Chapitre 76/17843%~13 min de lecture2 504 mots

Comme c'est sarcastique, les Francs crient : « Revanche ! », et les Sarrasins crient aussi : « Revanche ! »

Cette pensée traverse l'esprit de César en un éclair, pourtant elle ne gêne en rien son action. Il bondit, une main posant sur l'épaule de Geoffrey, la lumière ruisselant comme de l'eau pour former sur le dos du chevalier du Temple un large bouclier en forme d'armure d'écailles.
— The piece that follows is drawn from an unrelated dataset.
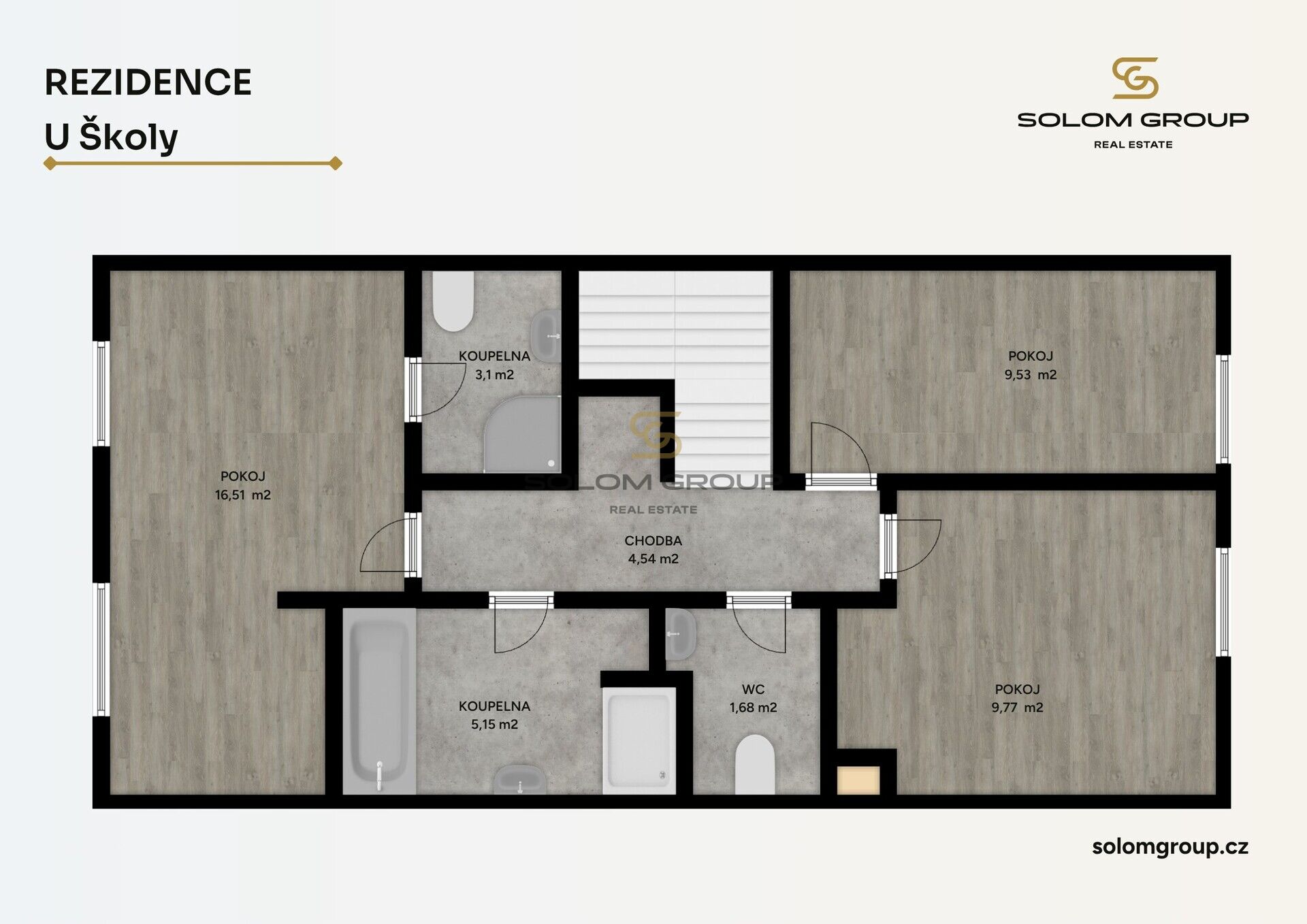 Prodej nového mezonetového bytu 4+kk o velikosti 104 m² + předzahrádka o výměře 27,6 m², který se nachází v 1. NP a 2.NP cihlové novostavby v Rezidenci U Školy, Odolena Voda (Budova A7)

Les flèches des Sarrasins s'abattent comme une pluie d'orage — comme chaque fois auparavant, ils utilisent les flèches pour harceler et tuer l'ennemi, et quand l'ennemi est impréparé, même avec femmes et enfants à ses côtés, cette méthode est indubitablement fort efficace, mais aujourd'hui, toutes ces flèches tombent à court.

La « suivante » sur laquelle César s'appuyait a roulé derrière la caisse dès qu'il a bondi. On n'entend que quelques tintements secs tandis que plusieurs flèches sifflent au ras de ses cheveux et de ses oreilles, faillant clouer sa cape au sol, mais il n'est pas blessé le moins du monde.

Avant même que Geoffrey ne soit sur pied, il crie déjà à plein poumons, et les chevaliers saisissent immédiatement leurs boucliers un peu partout ou se mettent à l'abri derrière le chariot.

Ce chariot de facture romaine sert généralement au transport de marchandises, avec un toit en demi-cylindre voûté, trois faces fermées et la quatrième formant une porte qui peut s'ouvrir.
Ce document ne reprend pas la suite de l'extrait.